Efforts so far have been directed generally toward taking the curse of pedantic dust off valuable and fruitful knowledge by stifling the preparatory school distinction between master and pupil; and the resourses that lie in contact between students dealing in the same fields have been neglected to some extent, although the example of European universities proves that, properly directed, such contacts are as fertile as any between the student and even the most sympathetic tutor. The group meetings in which overworked tutors take refuge are, as yet, the only places where undergraduates of the same intellectual tastes, as indicated by their concentrations, have an opportunity to meet one another in a situation conducive to profitable discussion.

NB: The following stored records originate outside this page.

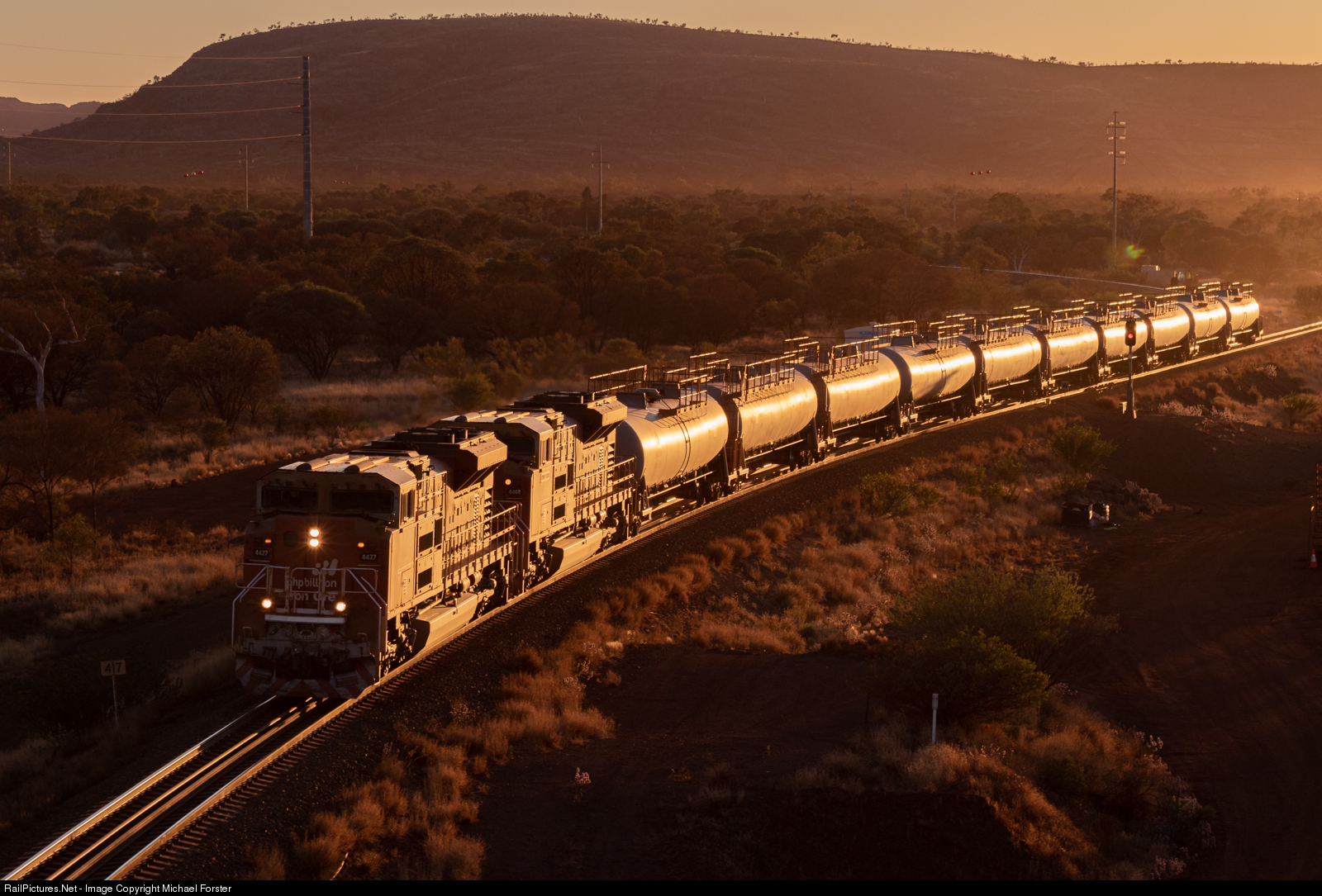 | 2 SD70ACe locomotives arrive at Mt Newman with a loaded diesel fuel train. All minesites in the Pilbara have fuels delievered via rail from the port cities. But these can be problematic to photograph as crews are rostered on these at 1800, generally. |
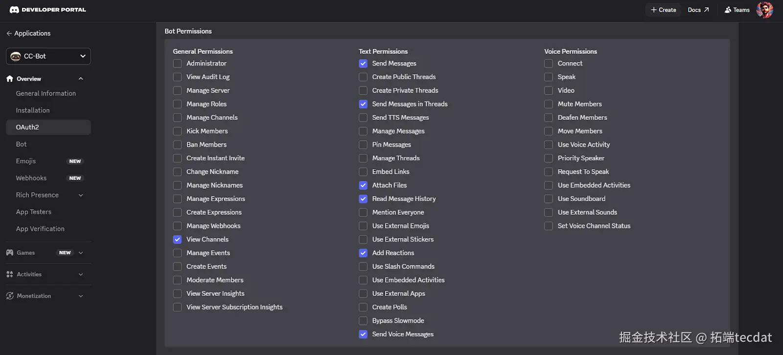 bot作用域,并选择以下权限: -
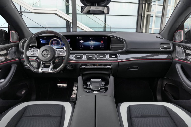 EQ Boost – which is based around a 48V electric starter-generator – contributes up to 184 lb-ft of that torque, and helps the SUV coupe hit up to 174 mph. 0-60 mph arrives in 3.7 seconds. AMG Performance 4MATIC+ all-wheel drive is standard, as is an AMG SPEEDSHIFT TCT 9-speed automatic transmission.
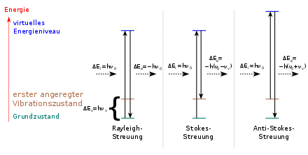 - Anti-Stokes-Raman-Streuung: Energieübertragung auf das Photon vom streuenden Molekül. Dieses befindet sich nach dem Anregungsvorgang auf einem niedrigeren Energieniveau als zuvor, das gestreute Photon besitzt höhere Energie und höhere Frequenz als das anregende Photon.
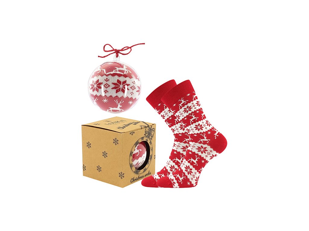 Unisex ponožky s vánočním motivem zabalené jako vánoční ozdoba.

A possible means of throwing students with common interests together lies in the extended use of small special libraries, dealing only with the materials of one field of study and serving as scholastic headquarters for every undergraduate dealing with these materials. The great English universities, whence proceeded the inspiration for the tutorial system, also exemplify this other excellent method of breathing the breath of life into learning. Neither is the University without its object lessons. Concentrators in Fine Arts come to regard the Fogg Museum as a human and satisfactorily personal place for academic work. The Lowell and Child Memorial Libraries and the Farnsworth Room are evidence that special collections of books are not impossible. The vast silences of great reading rooms and the anatomical appearance of glass-floored shadowy stacks do not provide an atmosphere where knowledge will easily lend itself to being humanized. Here may be another case where American universities can wisely look abroad for counsel.